All good Catholics must ignore Leviticus 18:22, "You shall not lie with a male as with a woman; it is an abomination," and Leviticus 20:13, "If a man lies with a male as with a woman, both of them have committed an abomination; they shall be put to death, their blood is upon them," and Romans 1:26-27, "For this reason God gave them up to dishonorable passions. Their women exchanged natural relations for unnatural, and the men likewise gave up natural relations with women and were consumed with passion for one another, men committing shameless acts with men and receiving in their own persons the due penalty for their error." Failure to do so necessarily means that you are a bigot, and your "homophobia" is against Church teaching, or at least how it has been reimagined in the minds of these activists, these warriors of Sodom.

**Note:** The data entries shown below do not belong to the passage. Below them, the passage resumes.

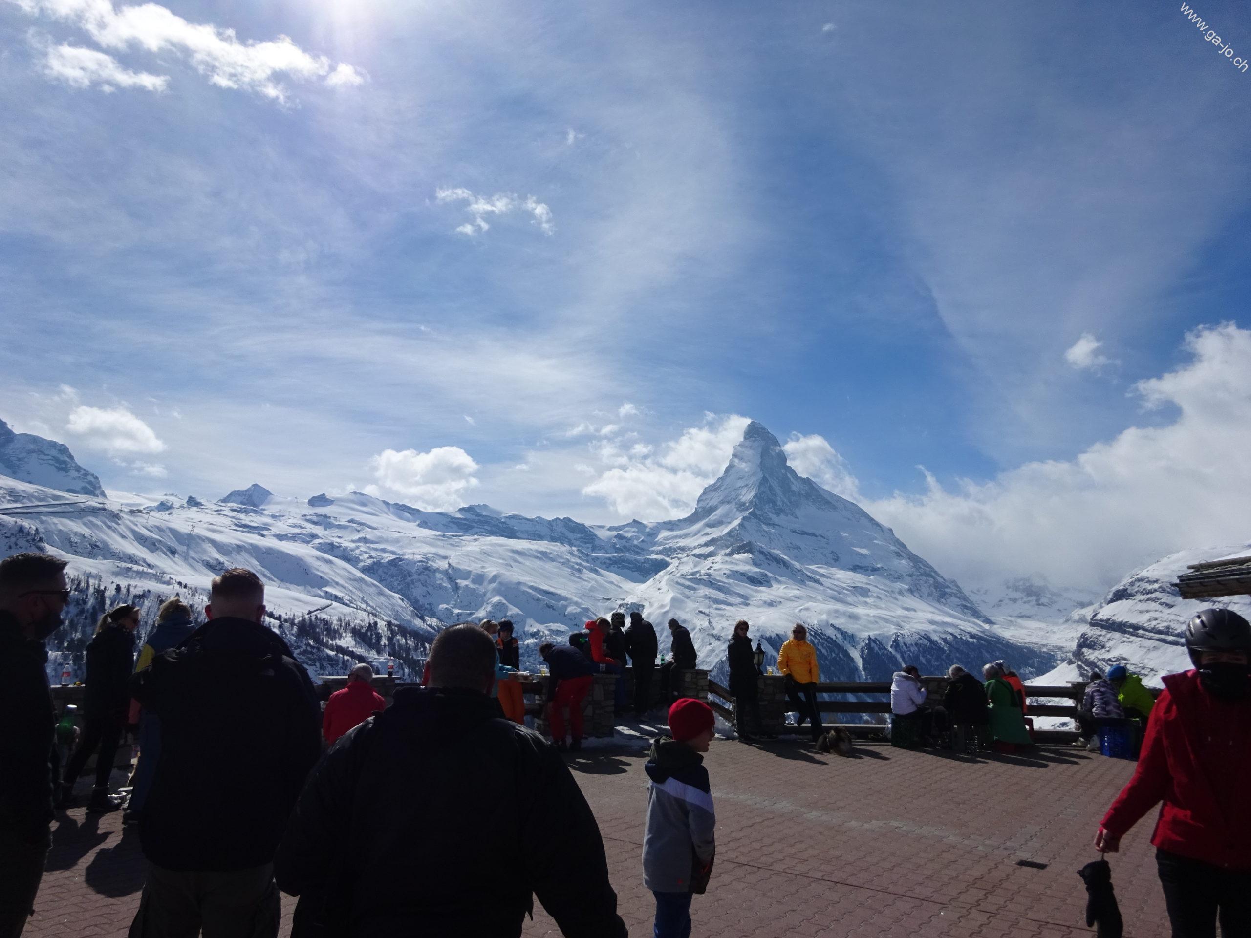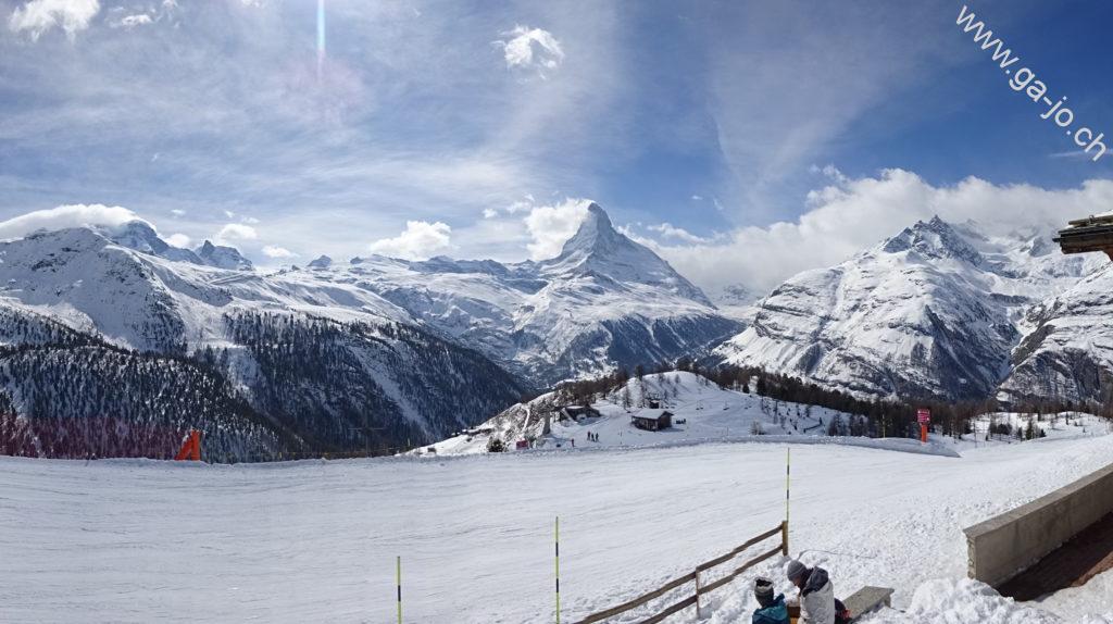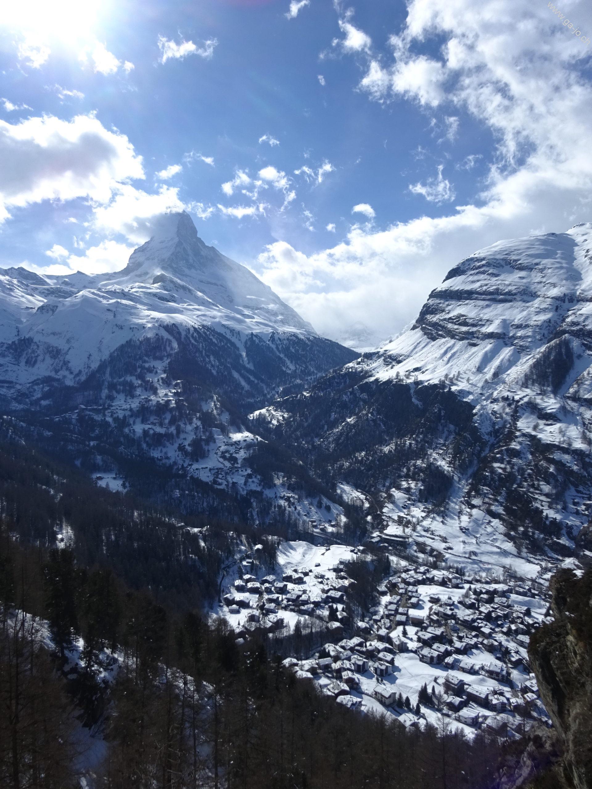Au Charmant petit hameau de Findeln, on décidera de faire un petit détour jusqu’à Sunnegga pour y admirer un peu la vue ainsi que les terrasses “fermées” dues au mesures COVID pleines de skieurs… De retour à Findeln, on continue la descente à travers le hameau puis bifurquons sur le sentier de droite qui nous conduira jusqu’à Zermatt par la forêt. Ce chemin d’abord à flanc de côteau est impressionnant mais bien sécurisé rentre ensuite dans les bois et redescend en pente douce jusqu’à la station.
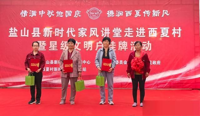 近日,盐山县孟店镇西夏村的新时代文明实践广场上暖意融融,一场以“情满中秋迎国庆德润西夏传新风”为主题的新时代家风讲堂正在这里举办。现场评选出3名“好儿媳”和3户“星级文明户”。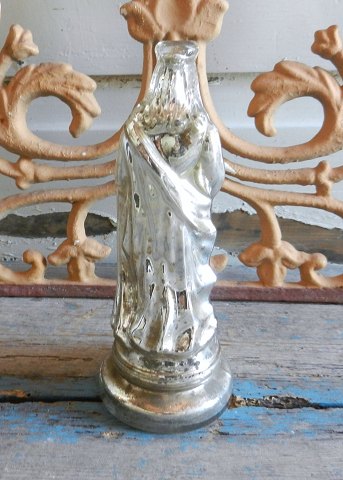 Sjælden Jesus figur i fattigmands sølv, han er klædt i kåbe, med glorie over hovedet. Meget fin patina.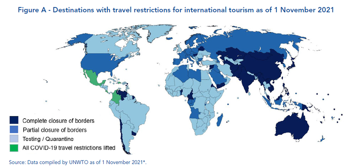Según un informe de la Organización Mundial del Turismo (OMT), 46 destinos (el 21% del total) tienen actualmente sus fronteras completamente cerradas a los turistas. De ellos, 26 las han mantenido bloqueadas al menos desde finales de abril de 2020. Otros 55 (el 25%) tienen sus límites parcialmente cerrados al turismo internacional, y 112 destinos (el 52%) exigen a los viajeros que presenten una prueba PCR o un test de antígenos a su llegada.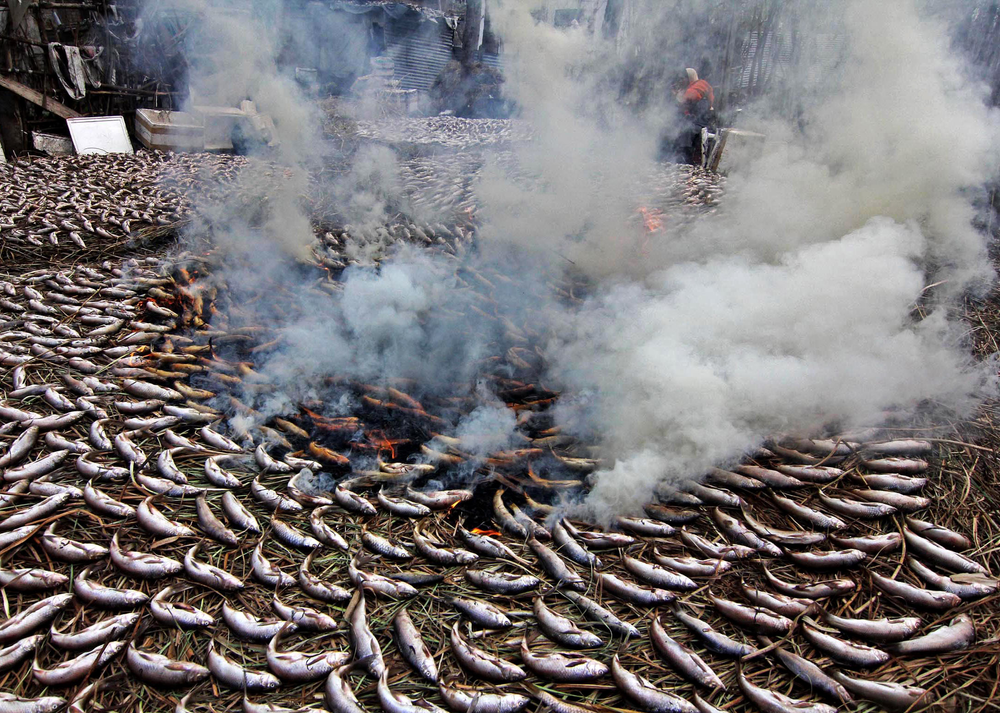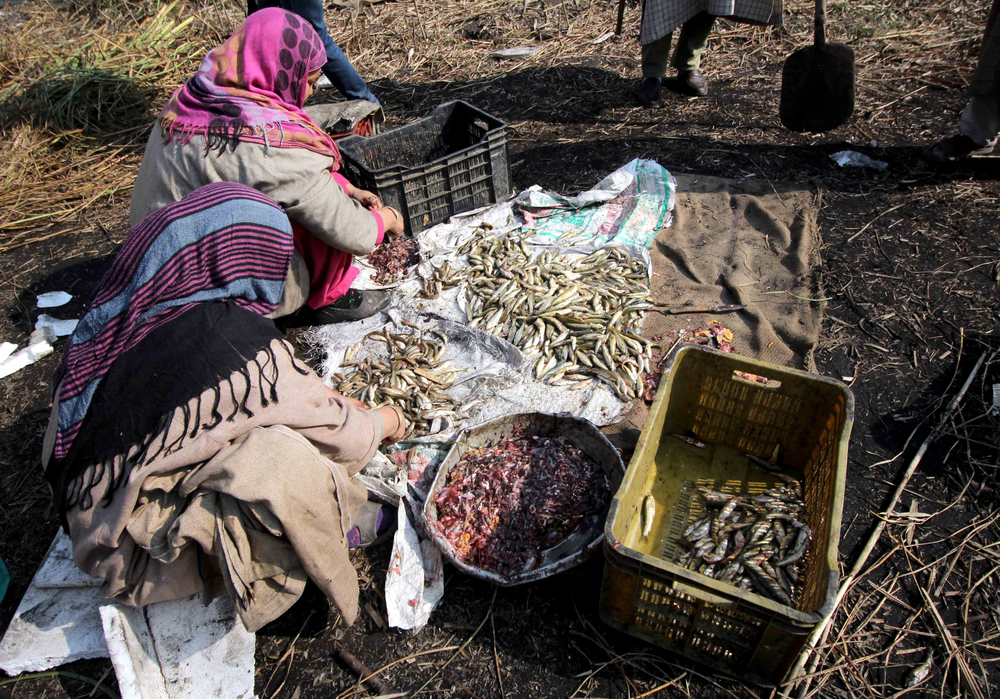Smoked fish is prepared by smoking the fish over slow-burning grass and sold by members of the Tippli community living on the banks of the Anchar lake.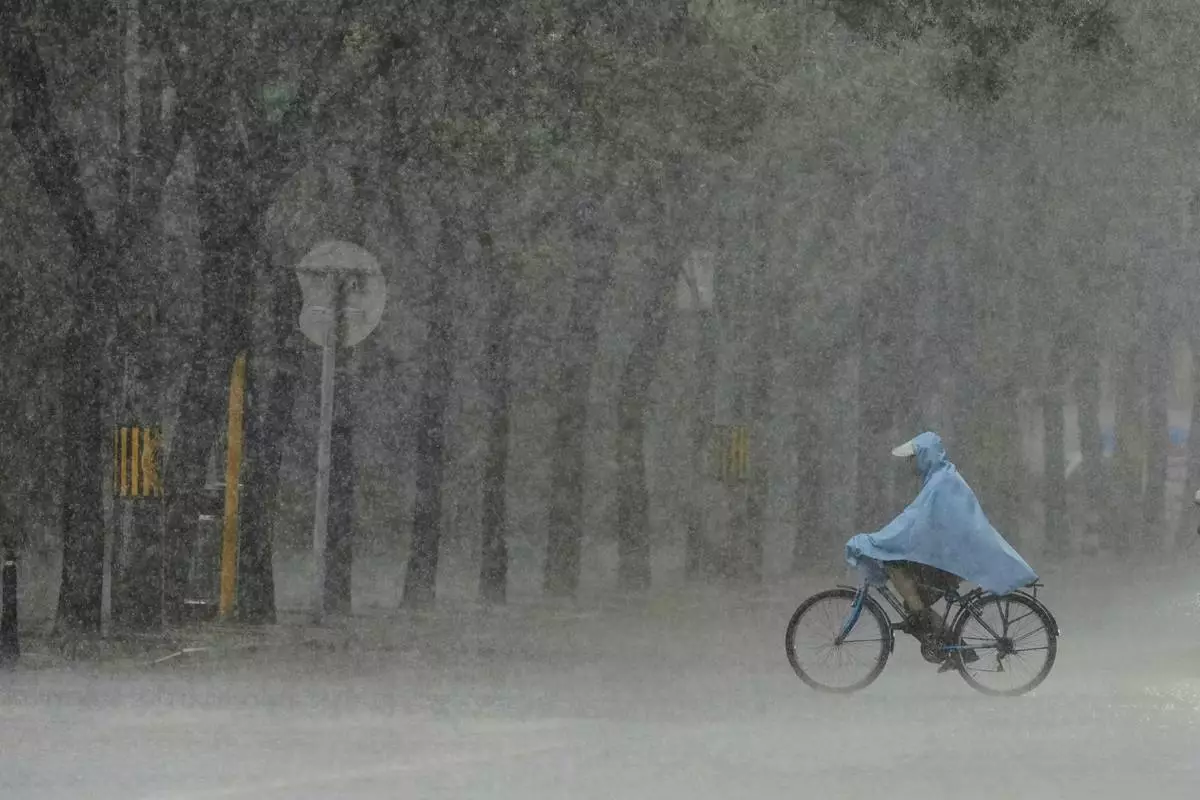 A man rides a bicycle during heavy rain in Beijing, China, Sunday, July 27, 2025. (AP Photo/Mahesh Kumar A.)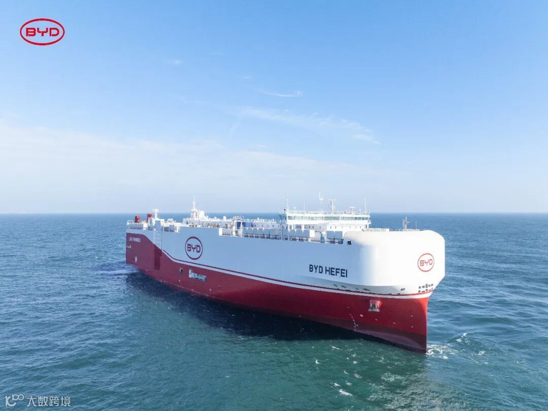 我国正加快向全球高技术产品提供者转型。图为2025年1月7日,比亚迪命名为"BYD HEFEI"的第三艘滚装船启航。比亚迪供图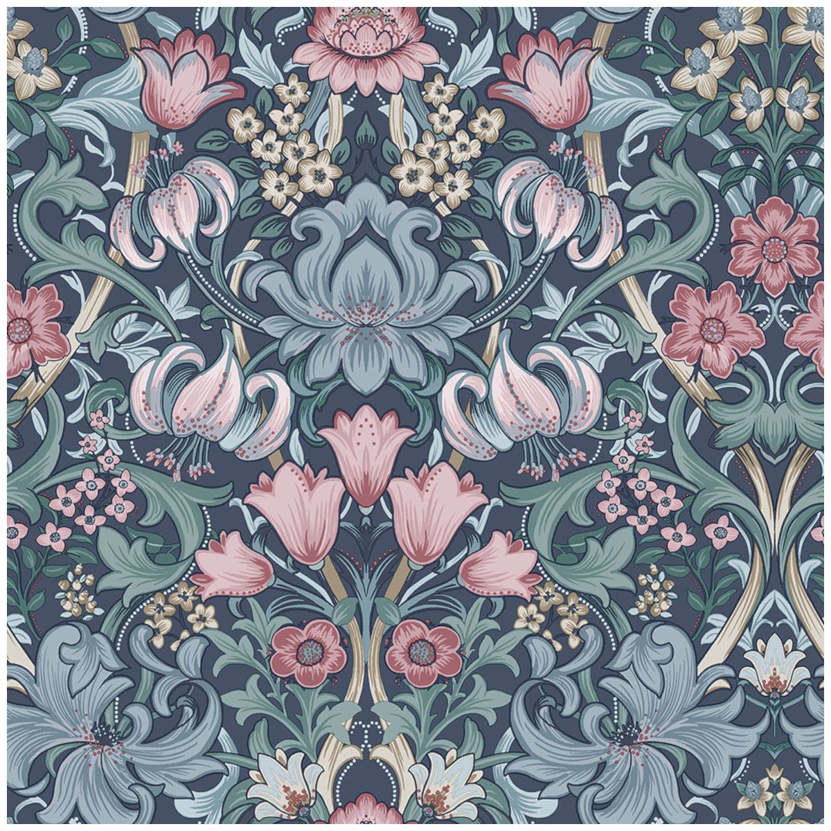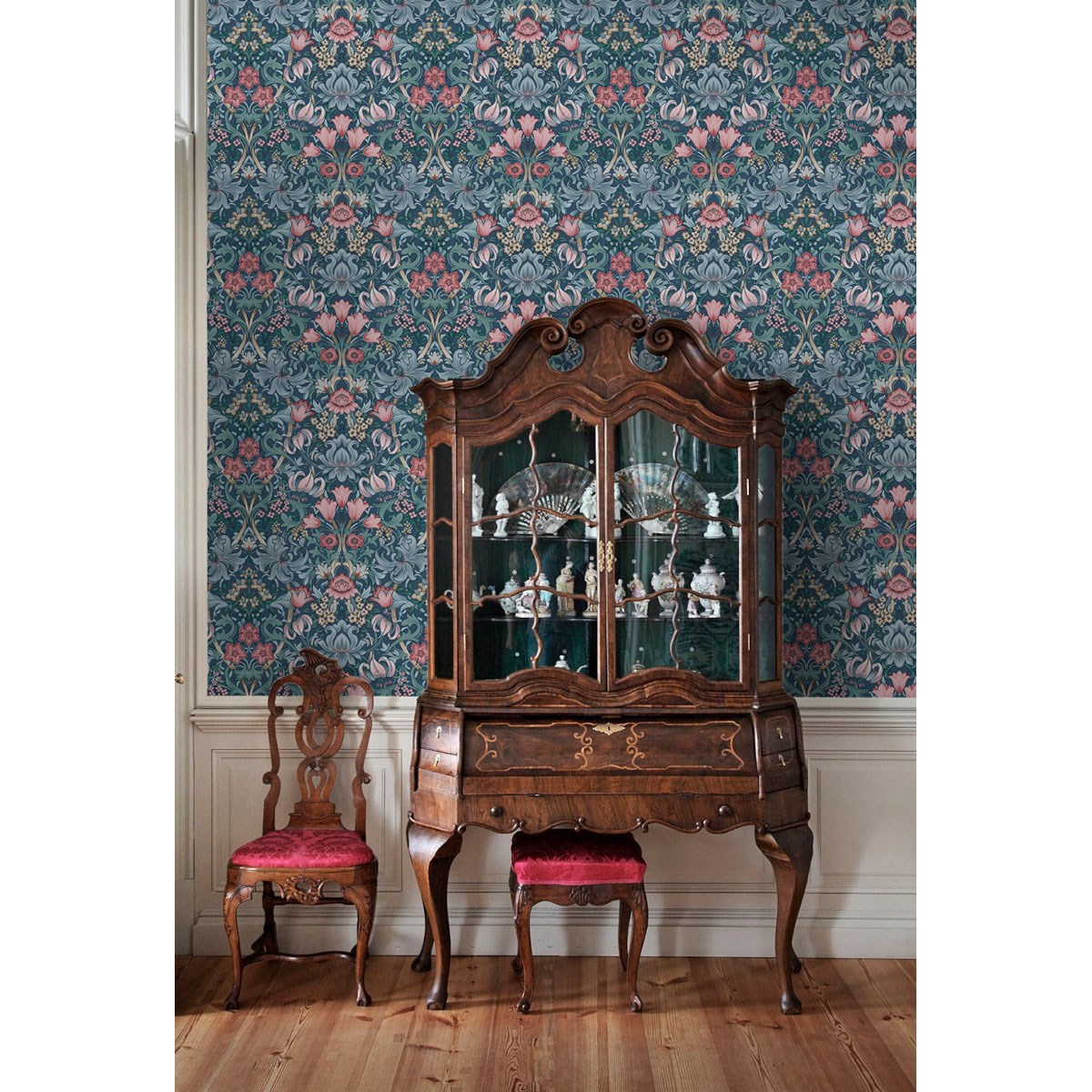 Ett utsmyckat blommigt damastmönster fyllt med stiliserade blad och slingrande rankor. Speglade organiska former utstrålar tidlös elegans och upprepas över tapeten, där lyx och sofistikering balanseras harmoniskt.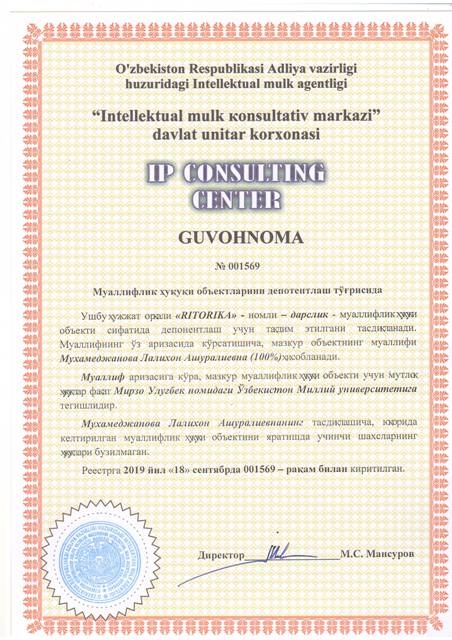 | 8619 | №001569 | Дарслик - " RITORIKA " | Мухамеджанова Лалихон Ашуралиевна (100%) | Мирзо Улуғбек номидаги Ўзбекистон Миллий университети | 09/18/2019 | ![]() |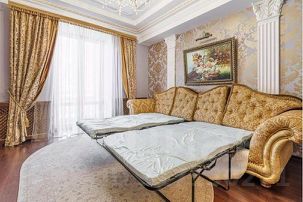 Двуспальная кровать (180*200) в спальне, раскладной диван в зале ( раскладывается на 2 отдельных спальных места) с комплектами нежного, качественного постельного белья, подарят комфортный сон.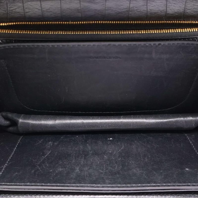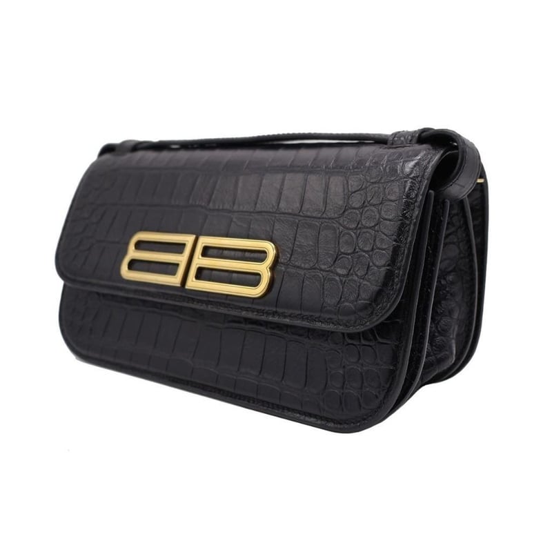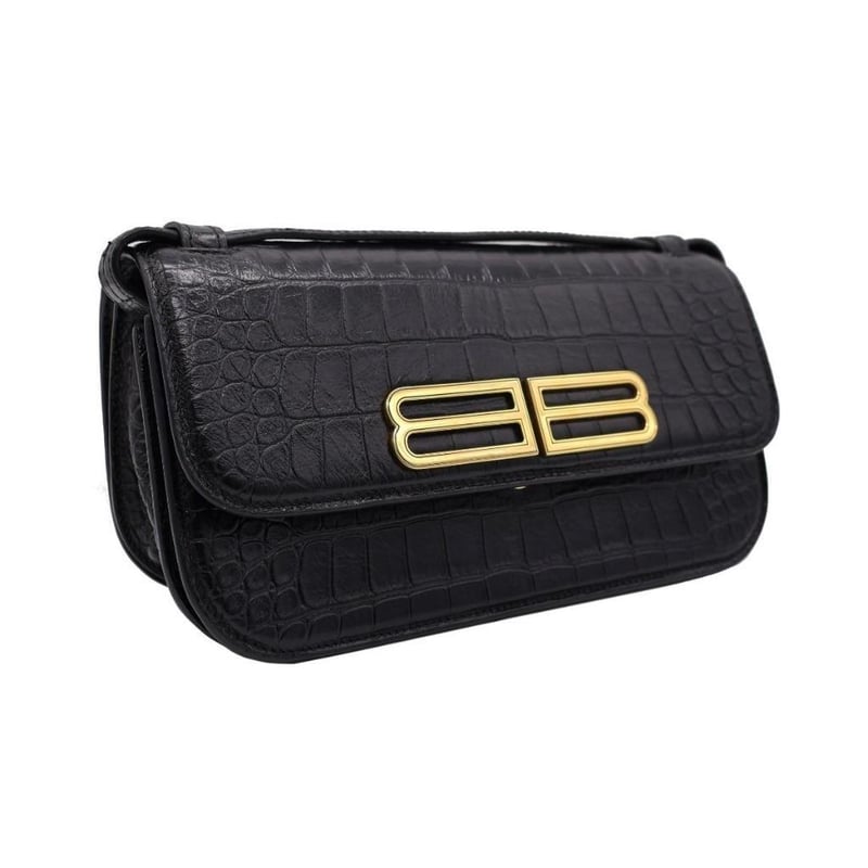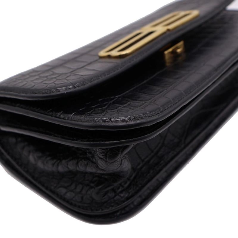 BALENCIAGA BLACK CROC EMBOSSED LEATHER GOSSIP SHOULDER BAGExterior MaterialLeather With Gold-Tone Hardware, A Rear Pocket, Push-Lock Flap Closure And A Shoulder Strap.Interior MaterialLeather Lining With Two Main Compartments, A Zipped Pocket And A Slip Pocket.Additional Condition Report- Minor Sign Of Wear And Tears On Exterior- Moderate Scuffs And Wear In Interior- Sign Of Wear And Scratches On HardwareComes With- Original Dustbag- Certificate Of AuthenticitySize: Length: 25cmHeight: 13cmDepth: 7cmStrap Drop: 44cmCondition: Good - Refer Images163141+36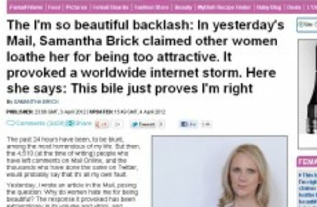 Samantha Brick reacting to the reaction to her story which reacted to women's, er, reactions to her 'beauty'. You following? DailyMail.co.uk

Of course, as any faithful Christian knows, God's will is what matters, and neither the Word nor the Church can or should change to accommodate "changing times." Sullivan lays an obvious trap for the faithful when he says that the "gay priesthood" was a fact of life then and now, so both traditionalists and modernists should come to embrace sodomy as "an integral part of the human mystery." If that is not enough to convince you, then you must accept homosexuals out of charity and love. Besides, as Sullivan tells us, he really is only arguing for celibate priests to be open and honest with their flocks, which would allow them to "provide priestly role models for gay Catholics." You just need to ignore the unrepentant homosexual and his "husband" behind the curtain as well as the fact that he says the gay priests would be role models for homosexuals "who find themselves called to celibacy," implying active gays amongst the laity are also to be accepted, which is really what this is about.

Homosexual activists such as Boswell and Sullivan do not now nor ever have cared about whether or not the Catholic Church had a "gay priesthood," no more than feminists actually care about whether or not there were ever "female priests." It is all simply a way to manipulate people into accepting their sinful ways. If they can convince us that the past was something other than what it was, they hope to trick us into giving them what they want today. This is painfully obvious because what they want does not truly hinge on what happened in the past. If one were to go point-by-point refuting all of their historical claims, the homosexuals would still want the Church today to change to accommodate them just as the feminists would still want female ordination to become a reality. This is no different than how they collectively manipulated and cajoled society into believing that a bunch of white Christian men in the 18th century believed "separation of Church and State" meant that Christian morality had no place in their own legal system. Theirs is a movement that is ultimately at war with God yet feigns religiosity when it suits them, a new religion of irreligion, a Church of Sodom where sin is love and God's will is irrelevant.